Created on 09-02-2017 03:27 AM
I just tried and this also works on HDP-2.6.0 and I believe other 2.6.x. Instead of the jar in the article I used the latest version at http://repo.hortonworks.com/content/repositories/releases/com/hortonworks/spark-llap/1.0.0.2.5.5.5-2.... And regarding the copy targets, it's enough to copy the assembly jar only to /usr/hdp/current/spark-client/lib on nodes where this directory already exists. I guess it can be also placed on hdfs, under /hdp but I haven't tried.
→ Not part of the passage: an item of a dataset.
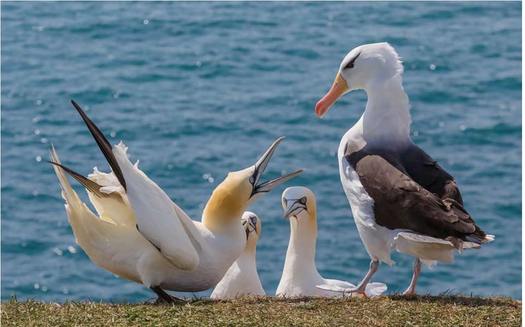
296 Black-browed Albatross / Wenkbrauwalbatros Thalassarche melanophris , adult, with Northern Gannets / Jan-van-genten Morus bassanus , Helgoland, Schleswig-Holstein, Germany, 5 May 2015

Created on 12-21-2017 08:53 AM
Also I've tried spark-llap on HDP-2.6.2.0 with Spark 1.6.3 and http://repo.hortonworks.com/content/repositories/releases/com/hortonworks/spark-llap/1.0.0.2.5.5.5-2..., but unfortunately, when I tried to execute a simple "select count" query in beeline, got the following error messages:
0: jdbc:hive2://node-05:10015/default> select count(*) from ods_order.cc_customer; Error: org.apache.spark.sql.catalyst.errors.package$TreeNodeException: execute, tree: TungstenAggregate(key=[], functions=[(count(1),mode=Final,isDistinct=false)], output=[_c0#56L]) +- TungstenExchange SinglePartition, None +- TungstenAggregate(key=[], functions=[(count(1),mode=Partial,isDistinct=false)], output=[count#59L]) +- Scan LlapRelation(org.apache.spark.sql.hive.llap.LlapContext@690c5838,Map(table -> ods_order.cc_customer, url -> jdbc:hive2://node-01.hdp.wiseda.com.cn:10500))[] (state=,code=0)
and the log messages in thriftserver as shown in attached "thriftserver-err-msg.txt".